Thank you for the detailed explanation and the performance tests. I liked the sorted solution more for the straightforwardness, but will be deploying all on the real data for a more hands-on performance.

Question 9

Thanks. Much cleaner display, too :-). Now I wonder what the OP's tau is really like. I think your trace solution gets faster with smaller tau, while mine gets faster with larger tau. At very high densities, the sorted solution approaches linear time, like mine always is, so they should differ by a constant factor there. Maybe either could be improved further to tweak this constant factor, but meh. I suspect bigger further improvement at a higher level, not by handling each vector pair faster but by reducing the number of pairs to do at all (or maybe it shouldn't even be done pairwise).

Question 10

for x,y in product(event_index1,event_index2) looks like an efficiency killer. If the lengths of event_index1, event_index2 are L1, L2 respectively, this loop has O(L1 * L2) time complexity. You may get away with O(L1 * log L2) (or O(L2 * log L1), depending on which one is larger.
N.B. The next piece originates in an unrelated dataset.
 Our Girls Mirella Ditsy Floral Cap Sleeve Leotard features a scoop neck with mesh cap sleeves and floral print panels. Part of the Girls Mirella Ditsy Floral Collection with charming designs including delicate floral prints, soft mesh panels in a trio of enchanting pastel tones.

Notice that for any given x the c_ij is incremented by the number of ys in the [x - tau, x)range. Two binary searches over event_index2 would give you this range, along the lines of

 for x in event_index1:
 c_ij += bisect_left(event_index2, x) - bisect_left(event_index2, x - tau)
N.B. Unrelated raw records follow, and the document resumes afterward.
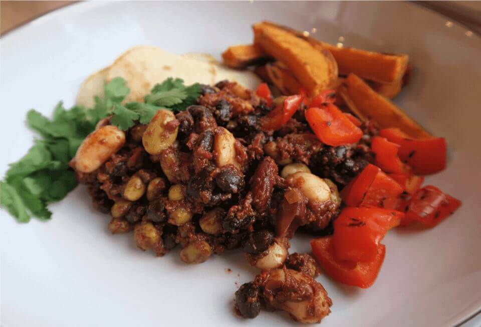 In deze heerlijke veganistische chili vind je een mix verschillende soorten bonen, die ik stoof in een kruidige saus met o.a. gedroogde Mexicaanse chipotle pepers, kaneel, komijn, tomaat en paprika. De zoete aardappel rooster ik in de oven en combineert heerlijk met de rokerige iets pittige smaak van de chili.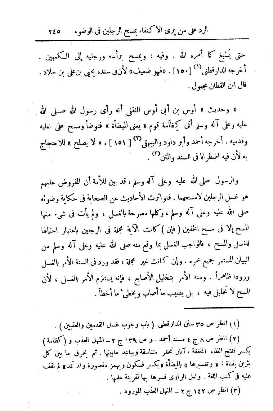 (¬1) انظر ص 35 سنن الدارقطني (باب وجوب غسل القدمين والعقبين).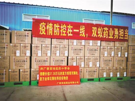 就在抗击新冠疫情的这场“战疫”中,双蚁药业先后向来宾市卫健委、兴宾区防疫指挥部、广西红十字会、来宾城中街道办事处、来宾市中心血站、广西中医药大学壮医药学院等单位捐赠具有治感冒、抗病毒、防流感作用的复方感冒灵颗粒和清热解毒的复方金银花颗粒,以及医用口罩等防疫物资价值超60万元。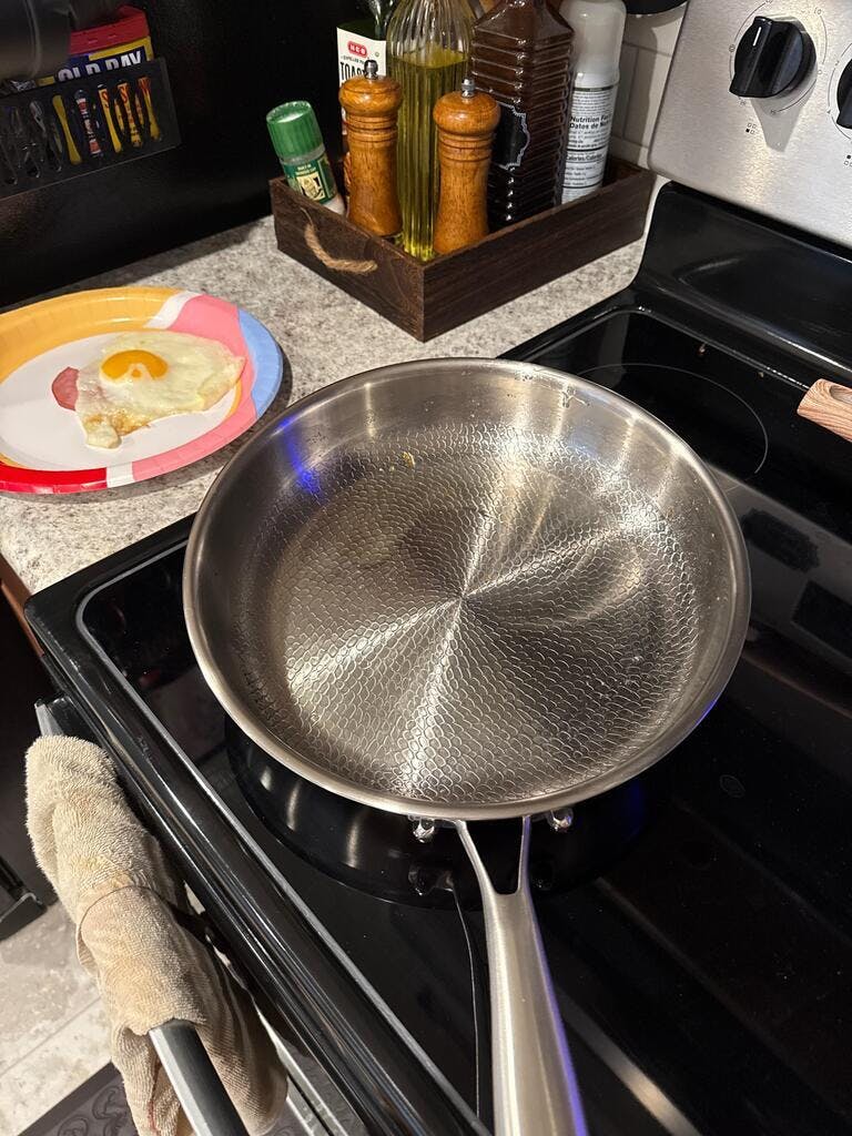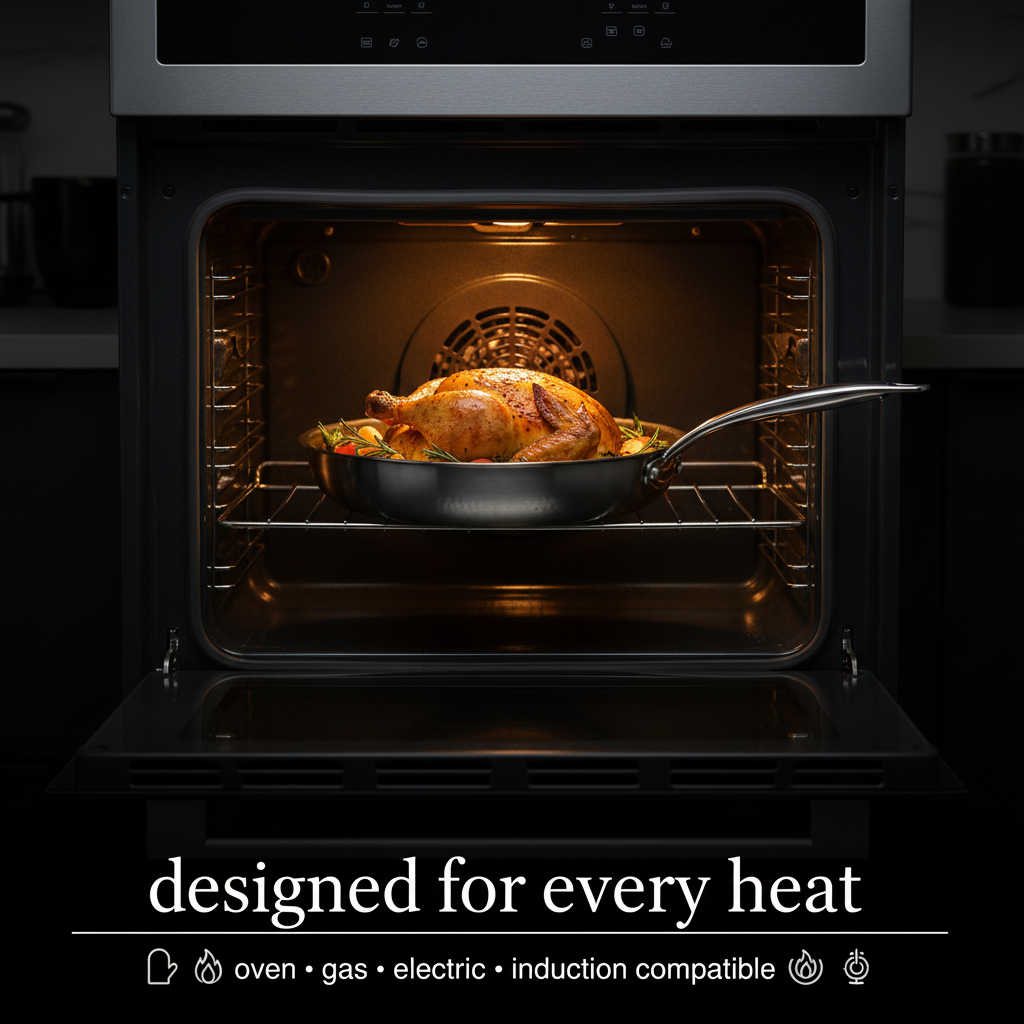 Three layer build with a 1mm aluminum core sandwiched between titanium and stainless steel. Delivers professional-level heat distribution from edge to center. The thickness prevents warping and ensures precise temperature control for perfect cooking results

and ditto for c_ji. Of course, from bisect import bisect_left.

Question 11

In my testing, your binary search suggestion is by far the fastest (though I used Numpy's search_sorted implementation rather than native Python).

Question 12

@Reinderien search_sorted shall indeed be better than native bisect. I am not too versed in numpy to suggest it. Thanks.

Question 13

@vnp I really like this solution. I never even thought it could be done using sorting instead of loop iteration.

Question 14

You have quadratic runtime, we can reduce it to linear. You want to count the numbers of zeros in certain ranges. Let's flip zeros and ones and count the numbers of ones in ranges by subtracting prefix sums:

def Kelly_eps(ts_1, ts_2, tau):
 ts_1 = 1 - ts_1
 ts_2 = 1 - ts_2
 n1 = ts_1.sum()
 n2 = ts_2.sum()
 if n1 == 0 or n2 == 0:
 return 0, 0
 cs1 = np.pad(ts_1.cumsum(), (0, tau), 'edge')
 cs2 = np.pad(ts_2.cumsum(), (0, tau), 'edge')
 c_ij = c_ji = 0.5 * (ts_1 * ts_2).sum()
 c_ij += ((cs1[tau:] - cs1[:-tau]) * ts_2).sum()
 c_ji += ((cs2[tau:] - cs2[:-tau]) * ts_1).sum()
 sqrt = math.sqrt(n1 * n2)
 Q_tau = (c_ij + c_ji) / sqrt
 q_tau = (c_ij - c_ji) / sqrt
 return Q_tau, q_tau

Using Reinderien's script to benchmark against its two fastest solutions:

d=50% trace_eps: 1.37 ms sorted_eps: 8.33 ms Kelly_eps: 0.19 ms 
d=55% trace_eps: 0.80 ms sorted_eps: 7.10 ms Kelly_eps: 0.17 ms 
d=61% trace_eps: 1.20 ms sorted_eps: 5.79 ms Kelly_eps: 0.19 ms 
d=66% trace_eps: 1.25 ms sorted_eps: 4.20 ms Kelly_eps: 0.22 ms 
d=72% trace_eps: 0.98 ms sorted_eps: 2.50 ms Kelly_eps: 0.19 ms 
d=77% trace_eps: 0.73 ms sorted_eps: 1.62 ms Kelly_eps: 0.13 ms 
d=83% trace_eps: 0.73 ms sorted_eps: 1.23 ms Kelly_eps: 0.12 ms 
d=88% trace_eps: 0.72 ms sorted_eps: 0.65 ms Kelly_eps: 0.12 ms 
d=94% trace_eps: 0.71 ms sorted_eps: 0.37 ms Kelly_eps: 0.12 ms 
d=99% trace_eps: 0.69 ms sorted_eps: 0.07 ms Kelly_eps: 0.12 ms

Question 15

Thank you for this solution. On multiple tests, your solution gave higher runtimes than original and Reinderien solution. For a particular set runtimes were: Original : 434 secs Reinderien : 424 secs Kelly : 598 secs

Question 16

@skynaive Well it very much depends on the parameters/context. I asked about them under your question, but so far you ignored that.

Question 17

(This might not be 100% relevant since it's not about Python, and it's about just the intersection part, not the harder within-threshold-distance matching part. But maybe at least food for thought.)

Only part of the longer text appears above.